As we were getting out of the cab, there was Jimmy Burke, alone, rumpled and loud.
“Why is he here?” he yelled . . . “I’m not going to kill you.”
Jimmy then walked up to us. “I know Rose when you married her. The doctors know how to cure the disease. They won’t do it unless they get paid. I got thirty-five thousand with me. I’ll give it to you, and you give it to the doctor tomorrow, and he’ll cure her. Don’t worry about getting it back to me. I just want to see her cured.”
I told him thanks but we were involved with a whole hospital full of doctors and so I’ll pass. “But I got to remember you forever.”
And so he did, writing this in the book The Good Rat, which came over twenty-five years later.
We learn a lesson here that seems overlooked in many journalism classes. To write the truth and be able to look the person you write about in the eye is a guarantee that you will do your best to be accurate in your writing, and that guarantee will win the respect of any subject who is at least aware of who they are. Fewer reporters who pretend to work on the tough beats on the street do this than you might think.
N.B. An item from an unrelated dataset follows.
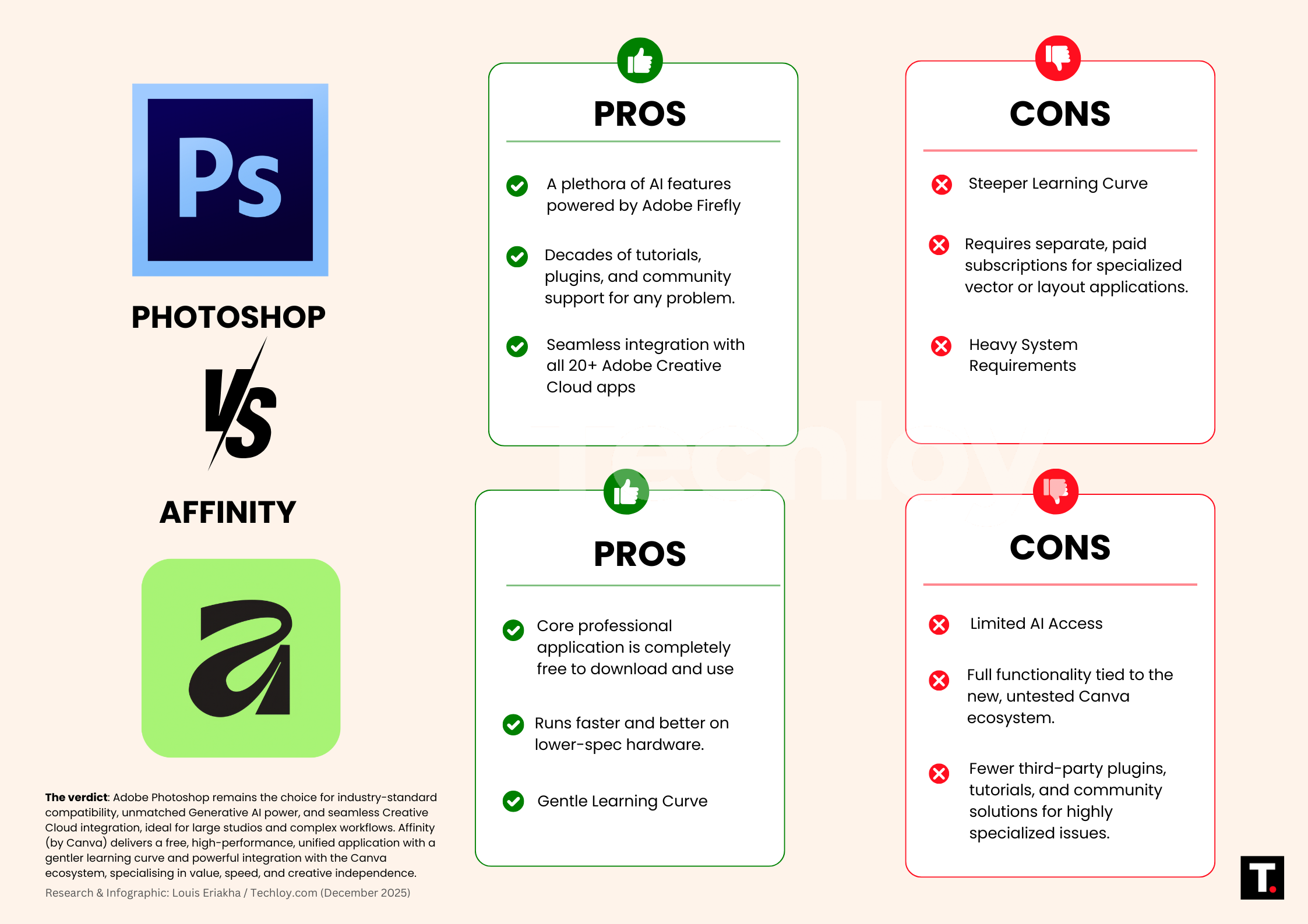Lately, it feels like every piece of software we rely on has decided it needs a monthly payment. From our streaming services to our favourite coffee, everything is a subscription. That’s why the battle between the industry giant, Adobe Photoshop, and the suddenly revitalised competition, Affinity Photo, is such a critical one. What used to be a clear choice, 'Photoshop reigns supreme', is now a genuine toss-up, forcing creators to weigh years of dominance against a modern, budget-friendly challenger.

Burke was never caught in connection with the Lufthansa heist, but he died in jail, nonetheless. He was convicted of fixing a basketball game at Boston College, which Breslin notes “was the alma mater of the federal prosecutor in Brooklyn, Ed McDonald, who never stopped until Burke was sent away for a long time. Jimmy had left a mountain of bodies . . . and they buried him on a missed layup.”
Rosemary died in 1981. She was 50.
“Her death took the fun out of so much of the rest of life. No matter what,” her son Kevin Breslin said.
Her descent into the final stages of the cancer came at the start of a decade that would be filled with some of the most powerful city reporting of Breslin’s career. But it had begun years earlier, when he was drinking in the saloons of Queens. Heavily. Steadily.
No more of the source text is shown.